After publishing the above documents, the regulator will specify a designated time for receiving comments from the public on the regulations and the accompanying documents. The draft Code will ensure that the time period and the mode of participation specified by the regulator is appropriate to allow for widespread public participation.”
[Page 31-32 of the Report]
72. Chief amongst those recommendations, keeping in view the essence of this paper, is the requirement to institutionalise cost-benefit analysis and make it a vital part of the regulation-making and guideline-making process for the proposed unified regulator for India’s financial system. It lays down the processes to be followed and most crucially, allows the invocation of the proposed Financial Sector Appellate Tribunal’s jurisdiction to review  any regulation or general guidance issued on the grounds of being contrary to the proposed Act, including on the following grounds:
(a) in the case of regulations, there was a material and substantial error in the analysis of costs or the analysis of benefits; or,
(b) the regulations were in gross disregard of the principles that the Financial Agency was required to follow while making the relevant regulations;

73. This provision is ground-breaking. Not so much as because as it mandates a cost-benefit analysis to be undertaken, but allows for a challenge to be mounted against the manner and methodology that may be adopted by a regulator while conducting an assessment. This will allow focused questioning, more oversight, positive accountability and most importantly, best-practices to be introduced into regulatory decision-making, after an in-depth consultation with stakeholders and legal experts.
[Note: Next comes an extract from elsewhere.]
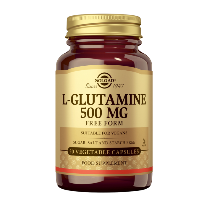 Solgar® L-Glutamiini 500 mg on korkealaatuinen aminohappovalmiste, joka sisältää mm. lihaksissa käytettävää glutamiini-aminohappoa.

74. The recommendations made by the FSLRC, with respect to mandatory cost-benefit analysis as a part of regulatory rule-making, is a positive development for the new generation of regulations that may follow the adoption of the bill.

75. We conclude that a participative and consultative RIA mechanism also brings in a certain level of consistency in the regulatory framework while avoiding the possibility of overlap of regulatory reach, over-regulation of entities and distortion of competitive forces. By making clear the expected benefit, quantitative or qualitative, the costs to be incurred, we expect that the regulators will be better able to justify the imposition of rules and expect stronger, and possibly even voluntary, compliance by the entities it governs.

76. Finally, the use of RIA is not merely semantics or play with words but forces a strong analytical framework for judging and introspecting before new regulations are introduced. SEBI and every regulator should incorporate RIA along with the current public consultation process into every proposed regulation. This will create the seemingly impossible duality of better regulation with less regulation at the same time.